On December 4, 2015, we completed the purchase of the Barclays Wealth and Investment Management, Americas (“Barclays”), franchise in the U.S. The Company paid purchase consideration that was funded with cash from operations. As part of that transaction, Stifel Bancorp, a wholly owned subsidiary of the Company, acquired approximately $600.0 million of bank loans, at fair value, from Barclays. The fair values for those loans were estimated using discounted cash flow analyses using interest rates currently being offered for loans with similar terms.

The acquisition was accounted for under the acquisition method of accounting in accordance with Topic 805. Accordingly, goodwill was measured as the excess of the acquisition-date fair value of the consideration transferred over the amount of acquisition-date identifiable assets acquired net of assumed liabilities. We recorded $24.8 million of goodwill in the consolidated statement of financial condition, which has been allocated to our company’s Global Wealth Management segment. Identifiable intangible assets purchased by our company consisted of customer relationships, with acquisition-date fair value of $7.3 million.

The goodwill represents the value expected from the synergies created through the operational enhancement benefits that will result from the integration of the hired financial advisors and the conversion of the customer accounts to the Stifel platform. Goodwill is expected to be deductible for federal income tax purposes.

In addition, deferred consideration is payable based on certain revenue generated by Stifel in accordance with the distribution agreement. The deferred consideration of $7.4 million and $15.2 million has been recognized as a liability and is included in accounts payable and accrued expenses in the consolidated statements of financial condition at December 31, 2018 and 2017, respectively.
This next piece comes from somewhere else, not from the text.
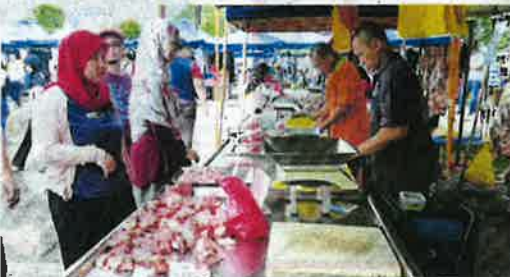
JUALAN daging tempatan segar antara yang menarik minat pengunjung.

During 2016, the Company’s Board of Directors removed the continuing service requirements associated with restricted stock units that were granted to certain employees of Barclays in December 2015. As a result, the awards were expensed at date of modification resulting in a charge of $58.6 million during 2016. The fair value of the awards is based upon the closing price of our company’s common stock on the date of the grant of the awards. These charges are included in compensation and benefits in the consolidated statements of operations for the year ended December 31, 2016.